— The problem —
Retype, exactly and with both ends included, the lines below from the one containing "Personalized Embroidered Christmas" through the end; omit the pictures.

Records from a dataset:
%%

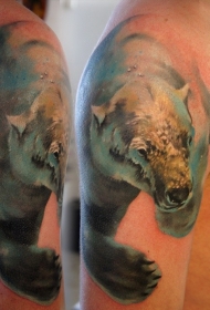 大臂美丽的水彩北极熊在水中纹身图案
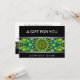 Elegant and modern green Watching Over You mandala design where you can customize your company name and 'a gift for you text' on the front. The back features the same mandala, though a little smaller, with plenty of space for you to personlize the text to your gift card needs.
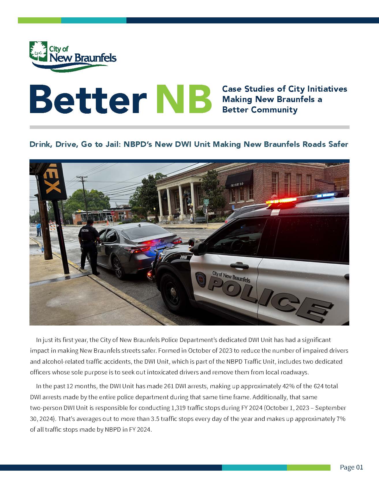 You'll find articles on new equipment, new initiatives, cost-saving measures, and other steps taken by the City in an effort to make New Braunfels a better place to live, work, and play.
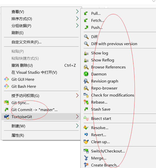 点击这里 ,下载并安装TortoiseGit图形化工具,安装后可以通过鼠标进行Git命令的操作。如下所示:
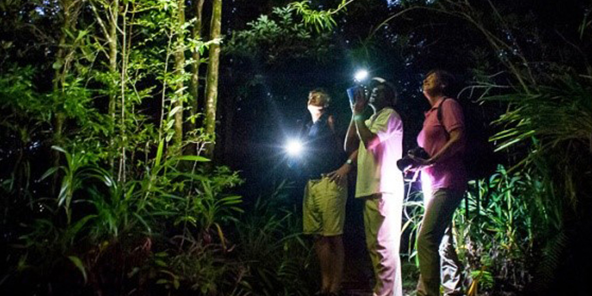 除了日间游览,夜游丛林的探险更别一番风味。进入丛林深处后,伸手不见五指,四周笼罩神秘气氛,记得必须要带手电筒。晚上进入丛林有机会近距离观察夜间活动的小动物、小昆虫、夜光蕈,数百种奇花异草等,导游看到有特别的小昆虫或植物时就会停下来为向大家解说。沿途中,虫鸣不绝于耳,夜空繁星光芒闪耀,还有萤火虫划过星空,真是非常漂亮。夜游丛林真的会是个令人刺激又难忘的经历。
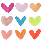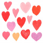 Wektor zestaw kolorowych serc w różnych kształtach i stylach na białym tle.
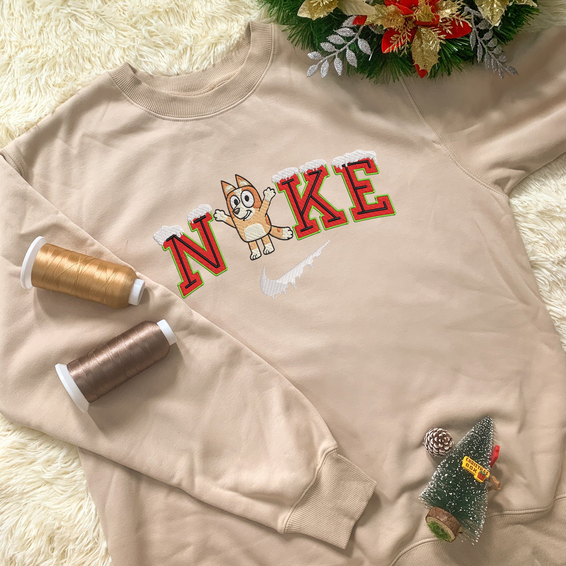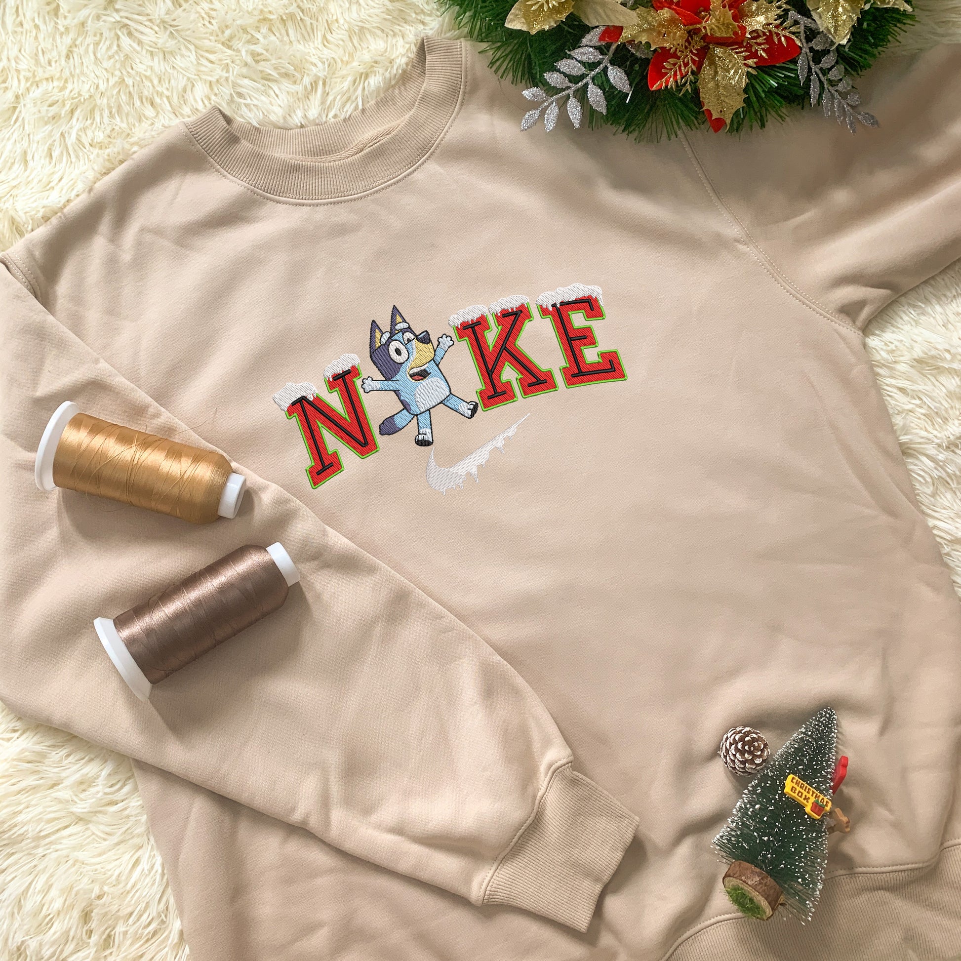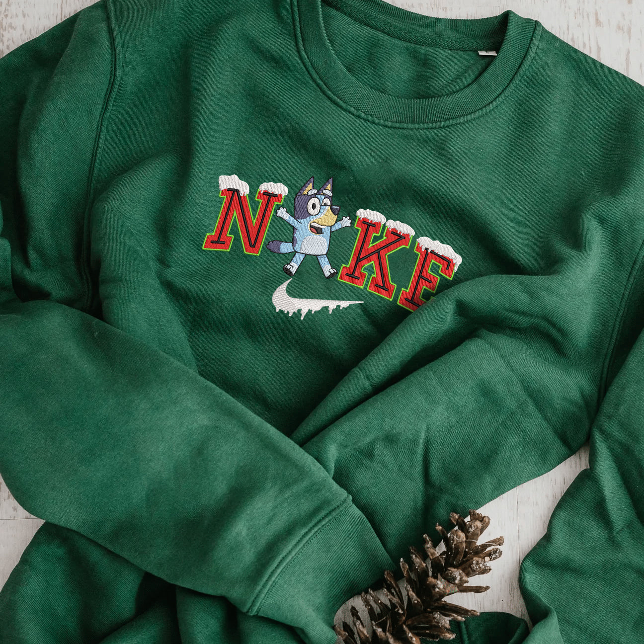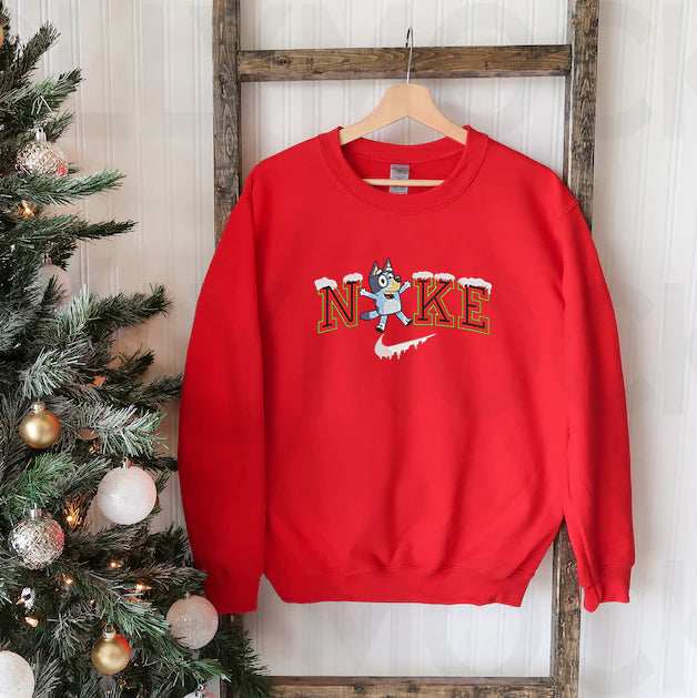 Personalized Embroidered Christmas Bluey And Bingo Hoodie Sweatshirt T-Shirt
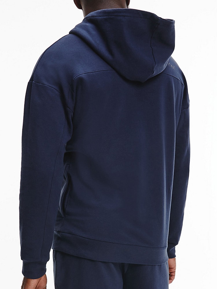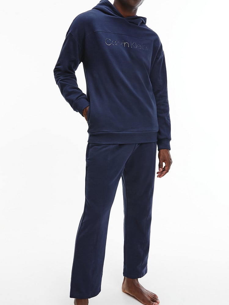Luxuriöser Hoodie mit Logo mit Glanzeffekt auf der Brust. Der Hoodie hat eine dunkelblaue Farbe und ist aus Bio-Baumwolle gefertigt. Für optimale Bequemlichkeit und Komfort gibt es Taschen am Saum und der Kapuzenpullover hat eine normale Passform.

%%

— Solved exercise —
 Personalized Embroidered Christmas Bluey And Bingo Hoodie Sweatshirt T-Shirt
Luxuriöser Hoodie mit Logo mit Glanzeffekt auf der Brust. Der Hoodie hat eine dunkelblaue Farbe und ist aus Bio-Baumwolle gefertigt. Für optimale Bequemlichkeit und Komfort gibt es Taschen am Saum und der Kapuzenpullover hat eine normale Passform.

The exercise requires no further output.